CNVs were detected using CNVFinder [5]. This algorithm automatically increases the sensitivity of detection when the overall sample variance is low. Since the SCZ samples had generally higher variation in fluorescence than LBC samples, CNVFinder detected fewer CNVs in SCZ samples than controls (Figure 1). The total number of CNV calls was 3551 in the cases (1715 gains, 1836 losses, 39 CNVs average per sample) and 4041 in the controls (2038 gains 2003 losses, 44 CNVs average per sample) (Figures 1a and 1b). In each cohort, CNVs from multiple individuals may overlap at the same genomic location. To generate sets of non-overlapping CNV genomic locations, we grouped CNVs for each cohort into CNVRs (CNV regions). For our purposes, we defined CNVRs as clusters of CNVs or singletons isolated by more than 1 Mb from the next adjacent CNV. SCZ samples were found to harbour 449 CNVRs (147 gain only, 138 loss only, 164 gain or loss), whereas controls had 481 (166 gain only, 141 loss only, 174 gain or loss) (Figures 1e and 1f). The CNV length distributions were broadly similar between cases and controls (Figures 1c and 1d), as were ratios of CNVRs representing rare compared with recurrent CNVs. In cases, 204 CNVRs represented rare events, whereas 245 were recurrent; in controls, 211 CNVRs were associated with rare CNVs compared with 270 regions with recurrent CNVs (Figures 1g and 1h).

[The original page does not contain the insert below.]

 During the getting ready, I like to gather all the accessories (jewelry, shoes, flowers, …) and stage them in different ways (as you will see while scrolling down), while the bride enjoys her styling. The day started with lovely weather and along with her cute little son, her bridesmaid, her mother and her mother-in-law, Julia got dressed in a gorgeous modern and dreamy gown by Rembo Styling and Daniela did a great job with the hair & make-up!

Figure 1 Overall characteristics of CNVs and CNVRs found by CNVFinder in cases (a, c, e and g) and controls (b, d, f and h)

Among CNVs (ad), similar numbers of gains and losses were observed in each cohort (a and b), and the number of clones associated with gains and losses of DNA were similar between cohorts (c and d). CNV regions in cases (e) and controls (f) had similar fractions of gains, losses and regions of gain and loss. Cases (g) and controls (h) both had roughly half of CNV regions representing single events within their cohort.

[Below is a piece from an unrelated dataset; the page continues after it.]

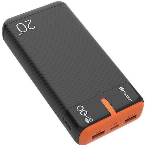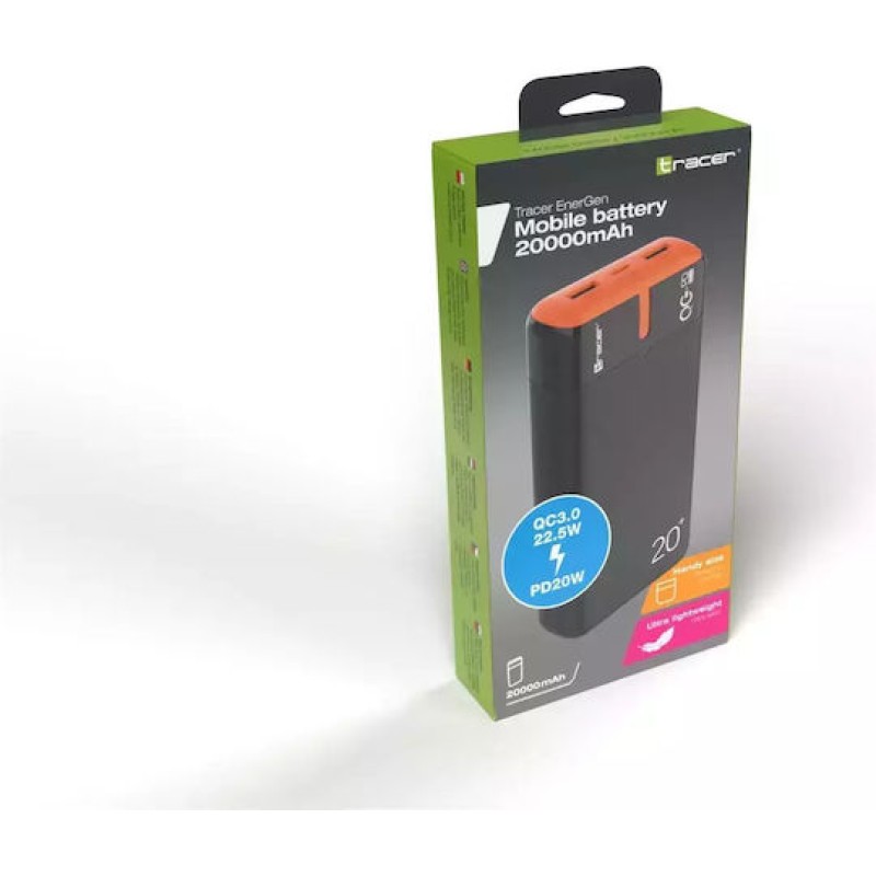 Tracer EnerGen Power Bank 20000mAh 22.5W με 2 Θύρες USB-A και Θύρα USB-C Power Delivery / Quick Charge 3.0 Black Orange (TRABAT47516)
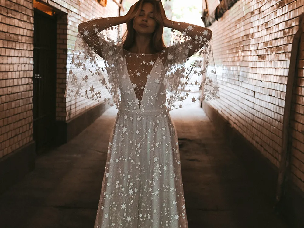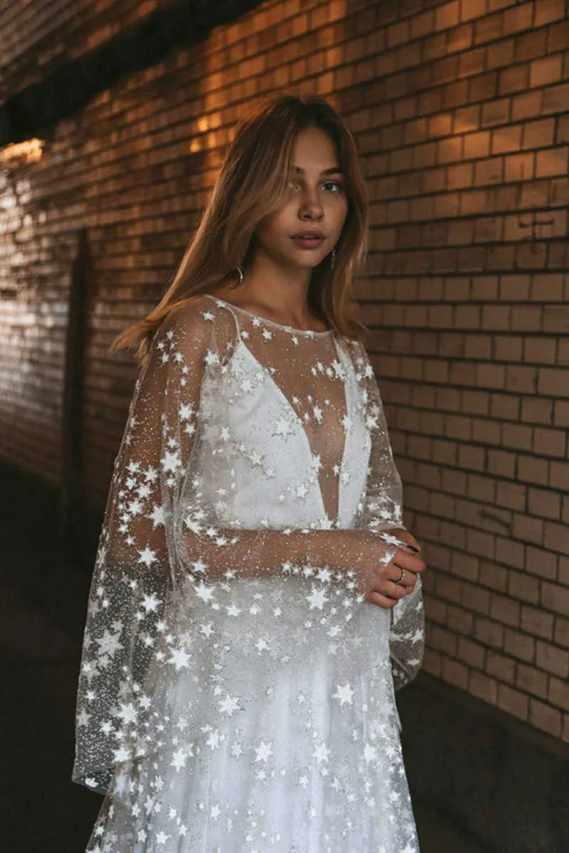 Two Pieces White Starry V-Neck Long Prom Dresses, Evening Party Dress Long

Validation of individual CNVs by secondary platforms

Previous literature proposed the role of rare CNVs in schizophrenia, with an estimated enrichment in cases of up to three times that found in controls. The fact that CNVFinder penalizes the SCZ samples more heavily due to their higher variation makes it less likely that any such enrichment will be found in our dataset. Conversely, it was expected that CNVs detected as specific to the SCZ samples were more likely to represent true rare variants. We therefore validated CNVs that were specific to cases for potential schizophrenia candidate genes.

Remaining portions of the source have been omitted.